--- START ---

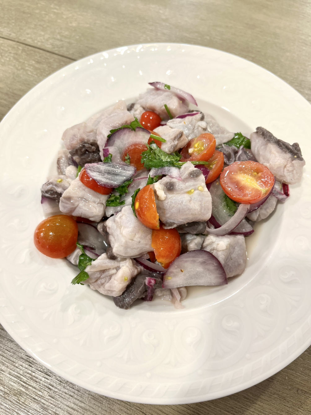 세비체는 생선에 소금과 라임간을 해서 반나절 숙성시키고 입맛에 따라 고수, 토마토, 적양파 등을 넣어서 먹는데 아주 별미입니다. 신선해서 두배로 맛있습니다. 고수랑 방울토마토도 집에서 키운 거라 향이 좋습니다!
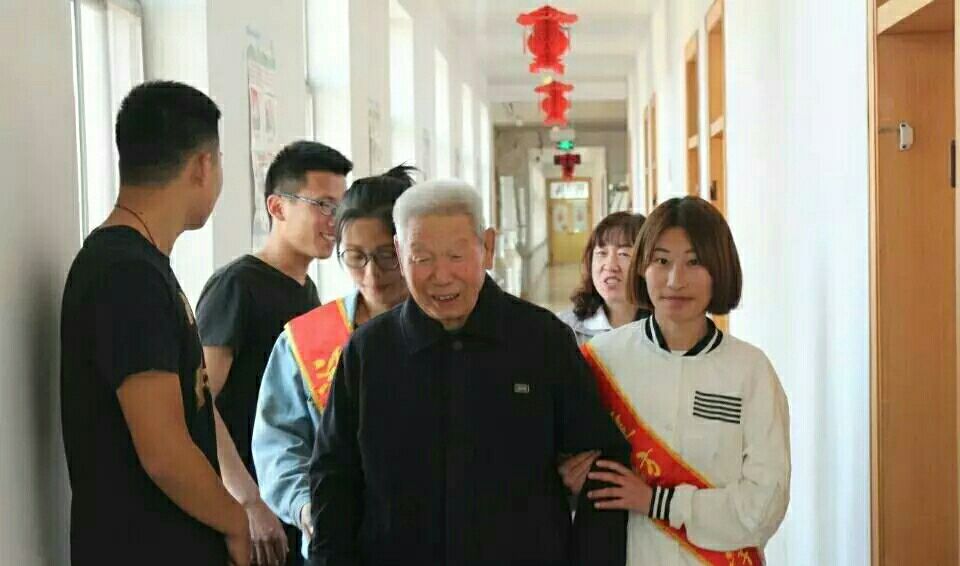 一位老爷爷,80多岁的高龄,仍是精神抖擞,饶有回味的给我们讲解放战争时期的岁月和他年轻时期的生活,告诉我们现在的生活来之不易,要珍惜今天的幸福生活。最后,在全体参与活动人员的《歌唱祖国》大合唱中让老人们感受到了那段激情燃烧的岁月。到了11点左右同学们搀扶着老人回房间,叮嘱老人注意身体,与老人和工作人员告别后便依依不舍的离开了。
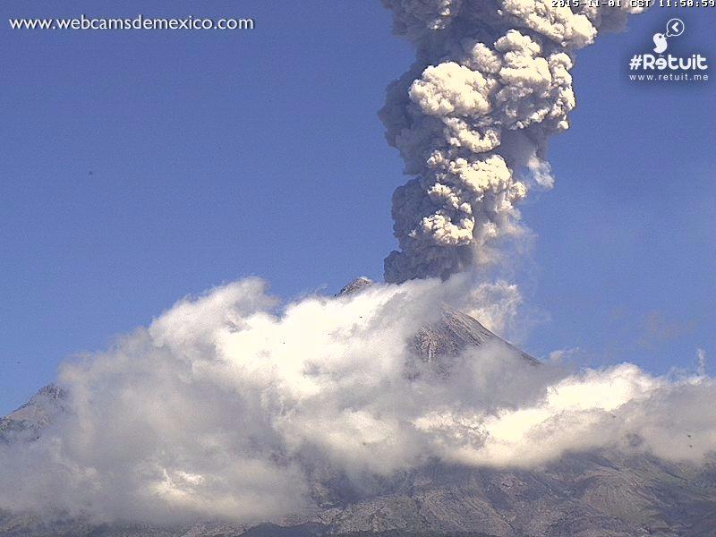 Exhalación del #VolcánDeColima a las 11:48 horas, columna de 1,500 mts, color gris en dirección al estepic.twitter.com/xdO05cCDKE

--- END ---

#### WHAT YOU HAVE TO DO
What you write should match, word for word, the lines from the one containing "一位老爷爷,80多岁的高龄,仍是精神抖擞" to the end of the listing, with both ends kept and the pictures left out.

#### ANSWER TO THIS EXERCISE
 一位老爷爷,80多岁的高龄,仍是精神抖擞,饶有回味的给我们讲解放战争时期的岁月和他年轻时期的生活,告诉我们现在的生活来之不易,要珍惜今天的幸福生活。最后,在全体参与活动人员的《歌唱祖国》大合唱中让老人们感受到了那段激情燃烧的岁月。到了11点左右同学们搀扶着老人回房间,叮嘱老人注意身体,与老人和工作人员告别后便依依不舍的离开了。
 Exhalación del #VolcánDeColima a las 11:48 horas, columna de 1,500 mts, color gris en dirección al estepic.twitter.com/xdO05cCDKE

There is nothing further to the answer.